Berikut adalah beberapa konsep pendapatan nasional :

• Produk Domestik Bruto (GDP)
Produk domestik bruto (Gross Domestic Product) merupakan jumlah produk berupa barang dan jasa yang dihasilkan oleh unit-unit produksi di dalam batas wilayah suatu negara (domestik) selama satu tahun. Dalam perhitungan GDP ini, termasuk juga hasil produksi barang dan jasa yang dihasilkan oleh perusahaan/orang asing yang beroperasi di wilayah negara yang bersangkutan. Barang-barang yang dihasilkan termasuk barang modal yang belum diperhitungkan penyusutannya, karenanya jumlah yang didapatkan dari GDP dianggap bersifat bruto/kotor.

Pendapatan nasional merupakan salah satu ukuran pertumbuhan ekonomi suatu negara

• Produk Nasional Bruto (GNP)
Produk Nasional Bruto (Gross National Product) atau PNB meliputi nilai produk berupa barang dan jasa yang dihasilkan oleh penduduk suatu negara (nasional) selama satu tahun; termasuk hasil produksi barang dan jasa yang dihasilkan oleh warga negara yang berada di luar negeri, tetapi tidak termasuk hasil produksi perusahaan asing yang beroperasi di wilayah negara tersebut.

• Produk Nasional Neto (NNP)
Produk Nasional Neto (Net National Product) adalah GNP dikurangi depresiasi atau penyusutan barang modal (sering pula disebut replacement). Replacement penggantian barang modal/penyusutan bagi peralatan produski yang dipakai dalam proses produksi umumnya bersifat taksiran sehingga mungkin saja kurang tepat dan dapat menimbulkan kesalahan meskipun relatif kecil.

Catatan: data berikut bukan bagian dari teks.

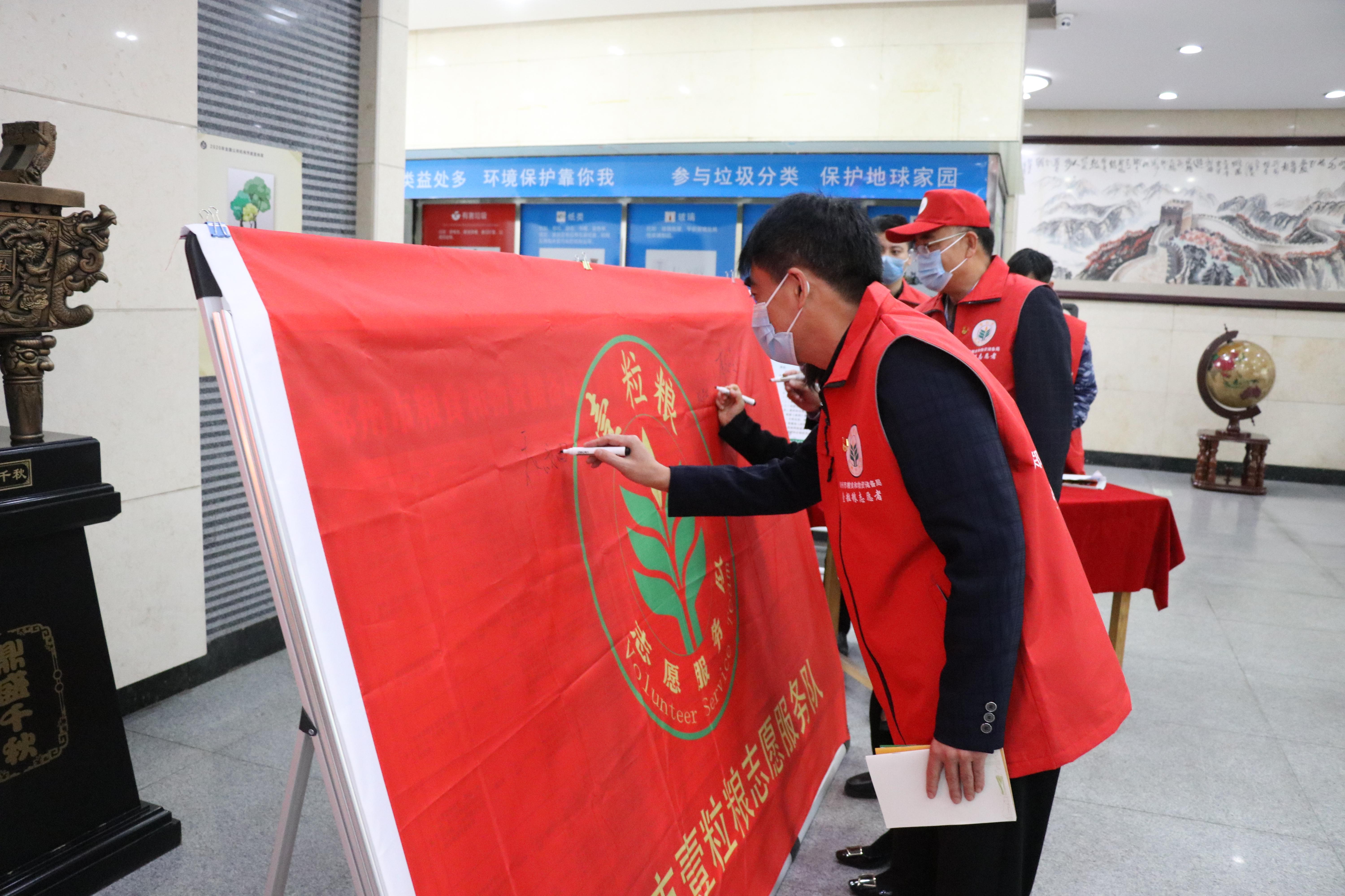 会后,与会志愿服务队员在壹粒粮志愿服务队旗上郑重签名,大家纷纷表示,作为壹粒粮志愿者,将牢记初心使命,牢记服务宗旨,弘扬伟大的志愿者精神,突出行业特色,形成有力的团队优势,为郑州市的文明创建和国家中心城市建设贡献力量。

• Pendapatan Nasional Neto (NNI)
Pendapatan Nasional Neto (Net National Income) adalah pendapatan yang dihitung menurut jumlah balas jasa yang diterima oleh masyarakat sebagai pemilik faktor produksi. Besarnya NNI dapat diperoleh dari NNP dikurang pajak tidak langsung. Yang dimaksud pajak tidak langsung adalah pajak yang bebannya dapat dialihkan kepada pihak lain seperti pajak penjualan, pajak hadiah, dll.

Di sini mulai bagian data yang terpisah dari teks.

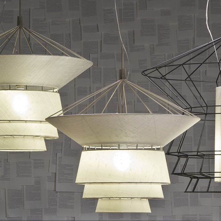 Bring chic industrial style to your living or dining space with the Bolero Pendant Lamp, designed by Oriano Favaretto and made in Italy. Bolero has an ivory shade with a striking nested design, coupled with a matte black frame that emphasizes its bold geometric lines.
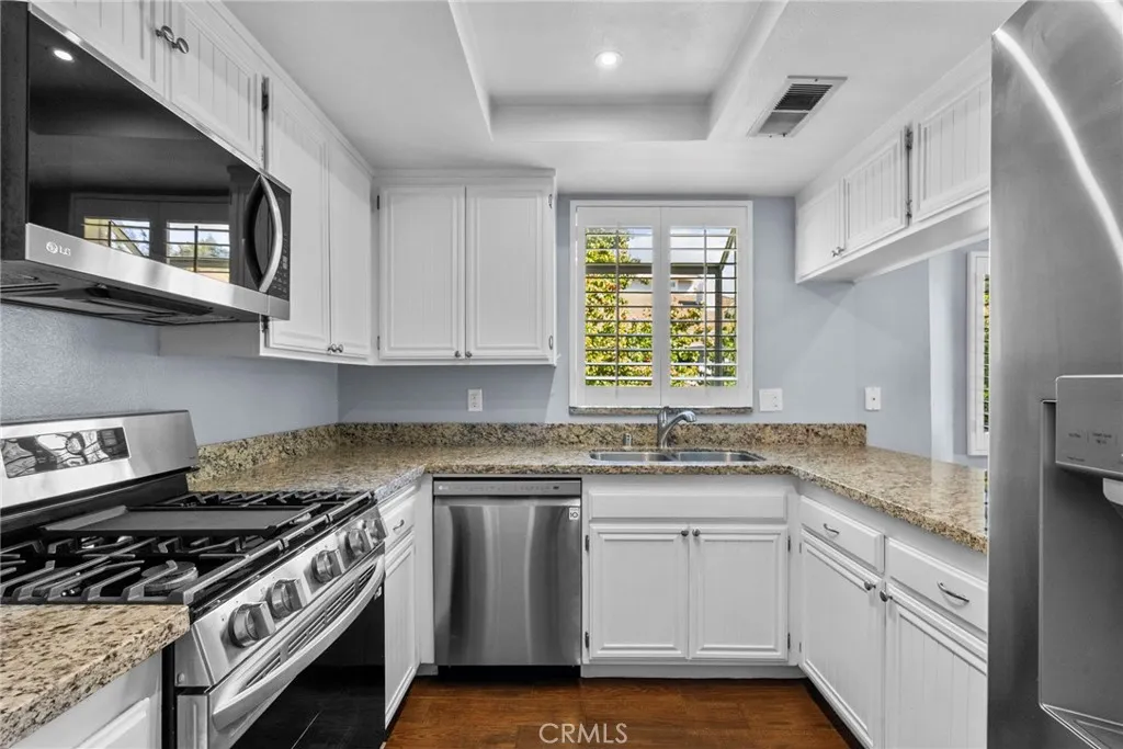 IF YOU MISSED IT THE FIRST TIME, THIS IS YOUR MOMENT. NEW PRICE! This rare upper end unit in one of the communitys most desirable locations offers privacy, natural light, and a spacious layout that lives like a single-family home. Featuring 3 BEDROOMS PLUS a LOFT, soaring 15+ ft vaulted ceilings, and a beautifully remodeled kitchen with granite counters and NEW LG SMART STAINLESS STEEL APPLIANCES. Upgraded bathrooms, NEW DUAL PANE WINDOWS, NEW DUAL PANE SLIDING GLASS DOOR, PLANTATION SHUTTERS, newer HVAC & water heater, fresh paint, and NEW full-size Maytag washer/dryer. Enjoy a private balcony overlooking the greenbelt and an oversized private 2-car garage. Move-in ready and positioned to sell. Resort-style amenities include pools, spas, tennis courts & lush greenbelts. Prime location near shopping, dining, top-rated schools, trails, freeway & Metrolink. No Mello Roos. HOA covers water, trash, exterior maintenance & insurance. Serious buyers, this one wont last. Schedule your showing today!
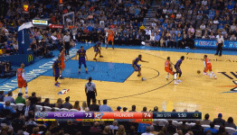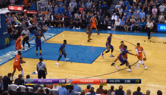 果然,比赛的前半场鹈鹕双星闪耀,浓眉第一节就拿到24分,表妹第二节接过大枪,也单节独取19分。相比之下,威少第一节就出现4次失误,半场打完只得10分的表现,则失色许多。

• Pendapatan Perseorangan (PI)
Pendapatan perseorangan (Personal Income)adalah jumlah pendapatan yang diterima oleh setiap orang dalam masyarakat, termasuk pendapatan yang diperoleh tanpa melakukan kegiatan apapun. Pendapatan perseorangan juga menghitung pembayaran transfer (transfer payment). Transfer payment adalah penerimaan-penerimaan yang bukan merupakan balas jasa produksi tahun ini, melainkan diambil dari sebagian pendapatan nasional tahun lalu, contoh pembayaran dana pensiunan, tunjangan sosial bagi para pengangguran, bekas pejuang, bunga utang pemerintah, dan sebagainya. Untuk mendapatkan jumlah pendapatan perseorangan, NNI harus dikurangi dengan pajak laba perusahaan (pajak yang dibayar setiap badan usaha kepada pemerintah), laba yang tidak dibagi (sejumlah laba yang tetap ditahan di dalam perusahaan untuk beberapa tujuan tertentu misalnya keperluan perluasan perusahaan), dan iuran pensiun (iuran yang dikumpulkan oleh setiap tenaga kerja dan setiap perusahaan dengan maksud untuk dibayarkan kembali setelah tenaga kerja tersebut tidak lagi bekerja).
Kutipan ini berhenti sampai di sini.